Instead of interpolating events, in the example of Fig. 6, the event frame obtained from event transformation 64 is fed to algorithm 43 as it is, and the locations of event pixels within the pixel layout are provided to the algorithm 43 as additional metadata input. That is, even though event representations (also called "event pixels") obtained from event transformation 64 are typically not the same type of information as the pixels of the final output image 59, no interpolating of event pixels to the domain of the target image 59 is necessary. The interpolating of event pixels into the domain of the target image 59, which is additional work and incurs a computational cost, can thus be avoided.

Information 66 on event pixel location may for example be a structure derived from a pixel layout, such as from layout 60 in Fig. 6 (or from the other layouts which are exemplarily provided in Fig. 3). The pixel layout of a sensor, or of a mode of the sensor, is intrinsic to the sensor itself, and thus constitutes pre-known information. Based on a predefined structure derived from the pixel layout, event pixel information (e.g. pixel coordinates in the event domain) can be translated to the domain of a target image 59 (e.g. pixel coordinates in the domain of the target image). For example, layout 60 comprises a matrix of 4x4 pixels and the layout is generated by repeating a sub-pattern of 2x2 pixels twice in the vertical direction and in the horizontal direction, each sub-pattern of 2x2 pixels comprising three APS pixels R, G, B and one EVS pixel E. As shown in Fig. 6, the information 66 on event pixel location for this layout 60 may for example be expressed as a matrix with 0-entries at the position of an APS pixel and 1 -entries at the position of an EVS pixel. Event pixel location 66 for layout 60 may thus be expressed as a matrix comprising four rows and four columns, the first row and the third row comprising the values 0, 0, 0, 0, and the second row and the fourth row comprising the values 1, 0, 1, 0. Similar structures defining the location of the EVS pixels can be defined for other sensor layouts, such as e.g. "Layout 2" and "Layout 3" of Fig. 3. Algorithm 43 can use this structure to translate event pixel information into the pixel domain of the target image 59 (either algorithmically or, intrinsically as a result of training of a neural network that uses the pixel location information as an input during training).
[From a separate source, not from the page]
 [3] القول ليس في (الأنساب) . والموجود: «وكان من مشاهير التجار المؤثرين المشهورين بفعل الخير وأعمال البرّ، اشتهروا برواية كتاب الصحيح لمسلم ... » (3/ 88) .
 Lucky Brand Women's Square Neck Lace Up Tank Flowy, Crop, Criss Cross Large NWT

In the example of Fig. 6, the event pixel location 66 is described as matrix derived from a pixel layout. It should however be noted that event pixel location 66 might alternatively be provided in the form of a translation table that directly translates pixel coordinates from the event domain to pixel coordinates in the domain of the target image 59.

If a hybrid sensor provides different modes of operation as described in Fig. 1 above, then pixel location information 66 may be defined in the form of a structure for each of the modes of the sensor individually. The pixel location information 66 input to algorithm 43 will then change with every change of the operating mode of the sensor.
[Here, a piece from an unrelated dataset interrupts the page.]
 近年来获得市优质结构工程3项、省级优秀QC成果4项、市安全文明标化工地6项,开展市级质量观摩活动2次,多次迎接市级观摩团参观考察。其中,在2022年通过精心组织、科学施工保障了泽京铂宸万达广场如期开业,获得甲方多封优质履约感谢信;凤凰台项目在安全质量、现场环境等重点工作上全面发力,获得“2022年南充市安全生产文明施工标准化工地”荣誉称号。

Figs. 7a-d show examples of an event representation transformation as it may be performed at event transformation 64 of Fig. 6. To handle the sparse and continuous event data stream obtained from the EVS sensor the sensor raw data is transformed. One possibility is to use a dedicated representation called voxel grids (or event grids) which represent events in a fixed grid that can be input into standard networks. Voxel grids are 3D volumes, where events are split to a specific layer/channel according to their timestamp. Voxel grids (event grids) may be created with a combination of the following methods. A predefined number or fixed time windows of events are defined, and, based on these time windows, time is split into channels (time bins). Then, event pixel values are interpolated according to exact arrival timestamp between two channels. Optionally or alternatively, there is the possibility to split event values along a polarity dimension.
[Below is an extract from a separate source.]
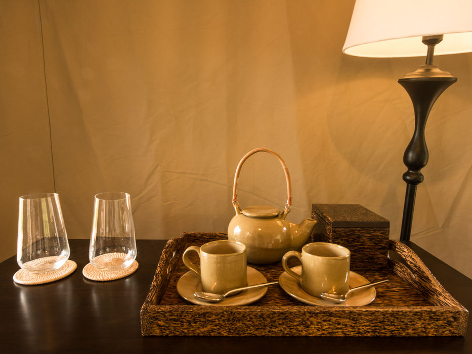 Wake to treetop light filtering through khaki canvas - the Deluxe Tent feels intimate yet surprisingly airy.

Fig. 7a schematically shows a data stream as obtained from an EVS sensor. Multiple individual events captured between times to and ti by the sensor are plotted in a three-dimensional diagram. The abscissa of the three-dimensional diagram shows the time at which an event was captured. The ordinate x* and the depth-axis y show the pixel position at which the event was captured.

Fig. 7b shows an example of accumulating events obtained from an EVS sensor in channels. A predefined number or fixed time windows of events is defined. Time is thus split into a predefined number of channels (time bins), here for example 5 channels.

Fig. 7c shows an example of time bin interpolation of events obtained from an EVS sensor. Event pixel values are interpolated according to their exact arrival timestamp between two channels. Fig. 7d shows an example of splitting events obtained from an EVS sensor along a polarity dimension. The events obtained from the sensors event stream have different polarities. This polarity may for example be expressed as a 1 -bit polarity p of the brightness change decoding brightness increase, or brightness decrease. In the example of Fig. 7d all events with positive polarity (brightness increase) are grouped together, and all events with negative polarity (brightness decrease) are grouped together.

Use of a saturated area mask as metadata

Another example of camera metadata is to make a saturated area mask from RGB data and to provide this saturated area mask as metadata to a downstream algorithm.

Fig. 8 shows an embodiment of a saturated area mask generation implemented inside of a sensor circuit, such that the sensor directly outputs the saturated area mask. A hybrid sensor 53 comprises pixels arranged according to the RGB-Event hybrid sensor layout 60 as described with regard to Fig. 3 above ("Layout 1 "). The layout comprises a matrix of 4x4 pixels and the layout is generated by repeating a sub-pattern of 2x2 pixels twice in the vertical direction and in the horizontal direction, each sub-pattern of 2x2 pixels comprising three APS pixels R, G, B and one EVS pixel E.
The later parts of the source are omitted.